*The data*.
_ _ _ _

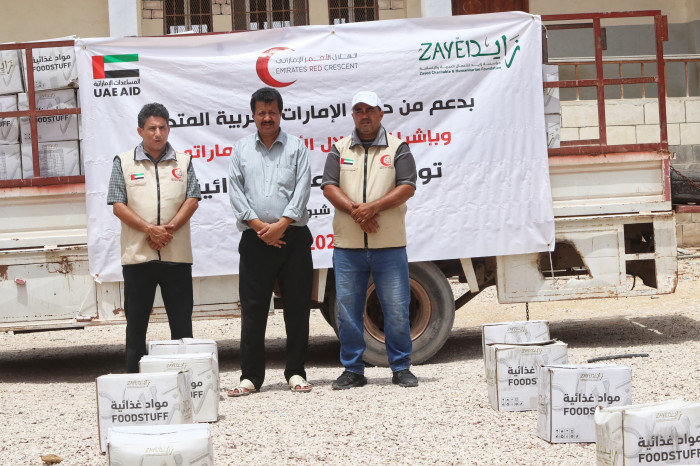 ففي هذا الإطار، وزَّعت هيئة الهلال الأحمر الإماراتي بالتعاون مع مؤسسة زايد للأعمال الخيرية والإنسانية، 300 طرد غذائي على الأسر الأشد فقرًا في مديرية رضوم جنوب محافظة شبوة.
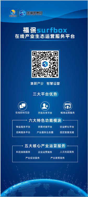 “福保surfbox”平台是必一运动集团为满足园区企业服务需求,利用云计算、大数据、物联网、移动互联网等新一代信息技术,重磅打造的“智慧化线上产业生态运营服务平台”,具有在线即时互动、精准运营服务以及开放共享三大优势。平台具备供需对接、物业服务、招商服务、创业孵化、产业服务、园区智慧党建等功能模块,重点推出科技金融服务、产业政策服务、企业运营服务、产业促进服务、人文社区服务五大服务内容,通过集聚产业运营服务资源,为园区企业和周边片区企业提供覆盖全生命周期的一站式服务。
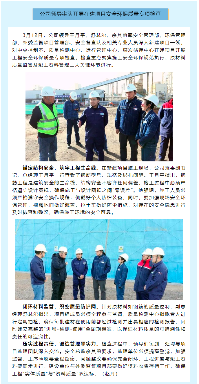 公司領導率隊開展在建項目安全環保質量專項檢查

_ _ _ _

In your answer, repeat the material above in full, exactly, and without its pictures.

 ففي هذا الإطار، وزَّعت هيئة الهلال الأحمر الإماراتي بالتعاون مع مؤسسة زايد للأعمال الخيرية والإنسانية، 300 طرد غذائي على الأسر الأشد فقرًا في مديرية رضوم جنوب محافظة شبوة.
 “福保surfbox”平台是必一运动集团为满足园区企业服务需求,利用云计算、大数据、物联网、移动互联网等新一代信息技术,重磅打造的“智慧化线上产业生态运营服务平台”,具有在线即时互动、精准运营服务以及开放共享三大优势。平台具备供需对接、物业服务、招商服务、创业孵化、产业服务、园区智慧党建等功能模块,重点推出科技金融服务、产业政策服务、企业运营服务、产业促进服务、人文社区服务五大服务内容,通过集聚产业运营服务资源,为园区企业和周边片区企业提供覆盖全生命周期的一站式服务。
 公司領導率隊開展在建項目安全環保質量專項檢查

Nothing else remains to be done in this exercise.